* _AIM OF THE EXERCISE_:
Only one stretch of the records below should be repeated. It starts with the line containing "With any North" and goes on through the line containing "展示他们的产品,以客户袖手旁", exactly as written.

* _INFORMATION SHOWN_:

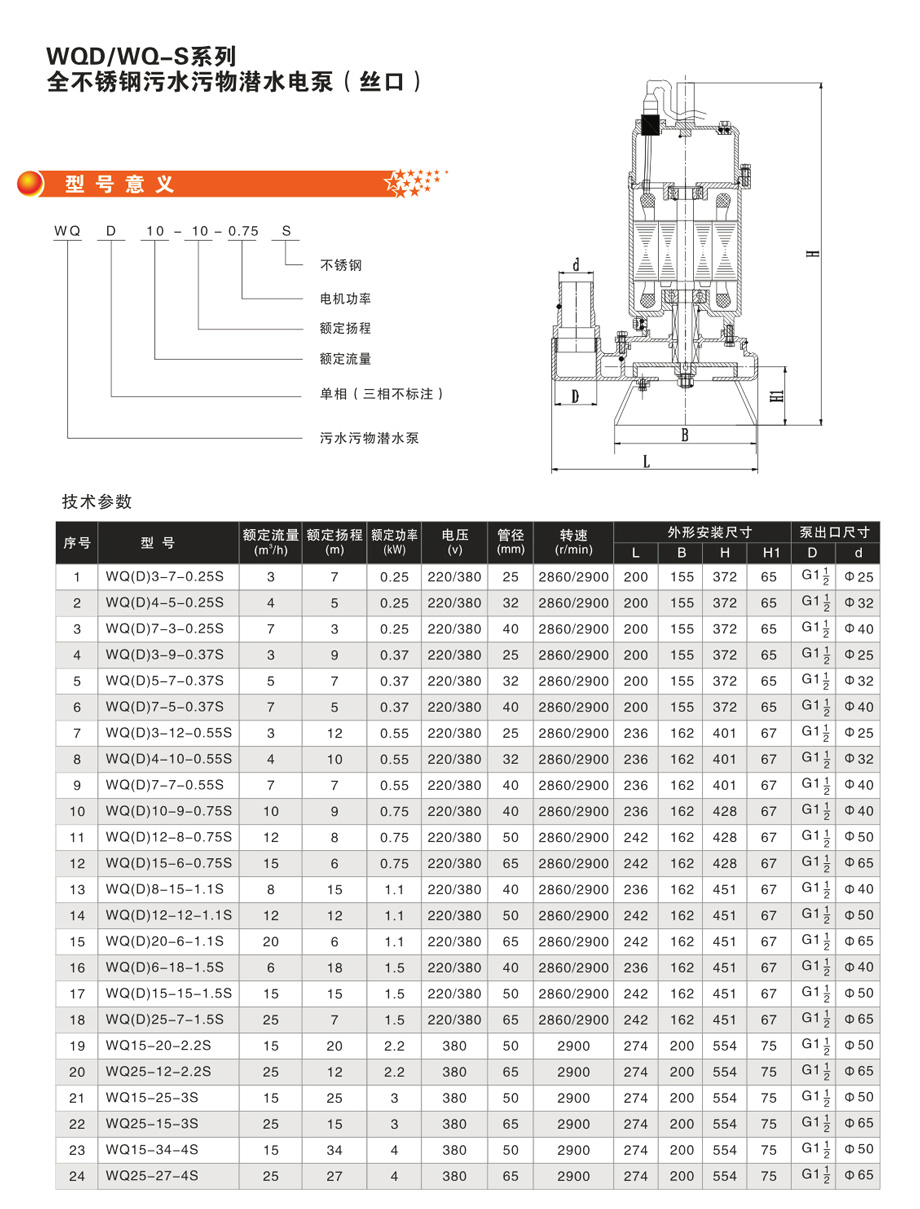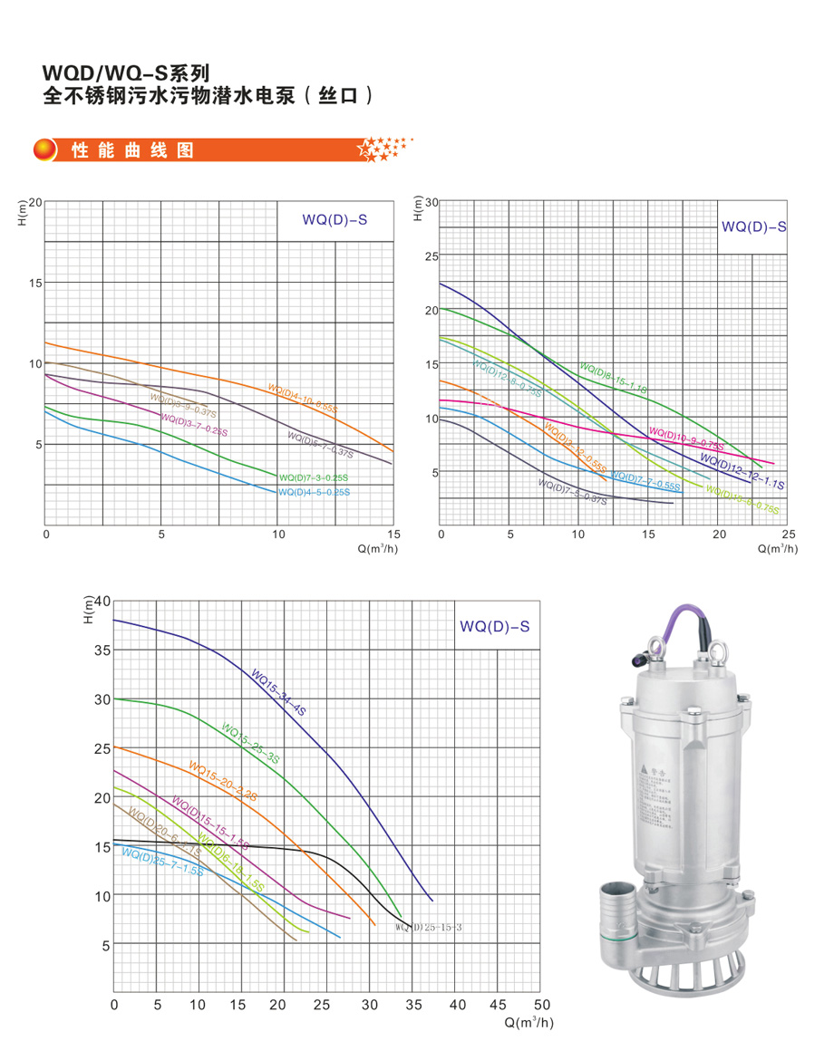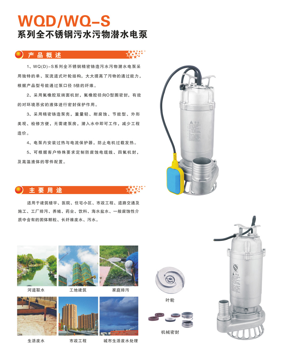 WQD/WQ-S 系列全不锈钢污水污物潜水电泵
==
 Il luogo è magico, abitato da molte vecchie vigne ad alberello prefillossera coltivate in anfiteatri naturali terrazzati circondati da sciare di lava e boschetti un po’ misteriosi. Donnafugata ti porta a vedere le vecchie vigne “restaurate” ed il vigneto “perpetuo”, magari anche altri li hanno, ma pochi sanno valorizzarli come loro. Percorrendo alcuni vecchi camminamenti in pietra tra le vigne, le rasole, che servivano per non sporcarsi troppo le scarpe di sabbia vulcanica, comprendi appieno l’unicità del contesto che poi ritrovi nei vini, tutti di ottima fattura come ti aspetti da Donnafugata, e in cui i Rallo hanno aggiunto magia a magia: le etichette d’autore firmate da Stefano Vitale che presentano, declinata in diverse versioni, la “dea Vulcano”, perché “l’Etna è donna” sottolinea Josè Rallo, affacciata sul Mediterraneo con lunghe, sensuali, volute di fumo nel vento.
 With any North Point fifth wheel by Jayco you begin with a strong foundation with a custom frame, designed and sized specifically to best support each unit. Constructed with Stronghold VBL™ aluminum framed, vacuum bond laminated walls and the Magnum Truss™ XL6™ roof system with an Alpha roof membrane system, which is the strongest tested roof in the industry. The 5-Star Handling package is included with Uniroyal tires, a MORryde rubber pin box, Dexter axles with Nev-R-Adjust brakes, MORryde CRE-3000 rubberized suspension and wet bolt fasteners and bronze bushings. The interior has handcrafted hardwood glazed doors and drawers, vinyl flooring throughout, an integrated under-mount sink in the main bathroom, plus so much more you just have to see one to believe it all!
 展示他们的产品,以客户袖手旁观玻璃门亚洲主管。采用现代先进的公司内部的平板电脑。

* _SOLUTION FOR THIS PROBLEM_:
 With any North Point fifth wheel by Jayco you begin with a strong foundation with a custom frame, designed and sized specifically to best support each unit. Constructed with Stronghold VBL™ aluminum framed, vacuum bond laminated walls and the Magnum Truss™ XL6™ roof system with an Alpha roof membrane system, which is the strongest tested roof in the industry. The 5-Star Handling package is included with Uniroyal tires, a MORryde rubber pin box, Dexter axles with Nev-R-Adjust brakes, MORryde CRE-3000 rubberized suspension and wet bolt fasteners and bronze bushings. The interior has handcrafted hardwood glazed doors and drawers, vinyl flooring throughout, an integrated under-mount sink in the main bathroom, plus so much more you just have to see one to believe it all!
 展示他们的产品,以客户袖手旁观玻璃门亚洲主管。采用现代先进的公司内部的平板电脑。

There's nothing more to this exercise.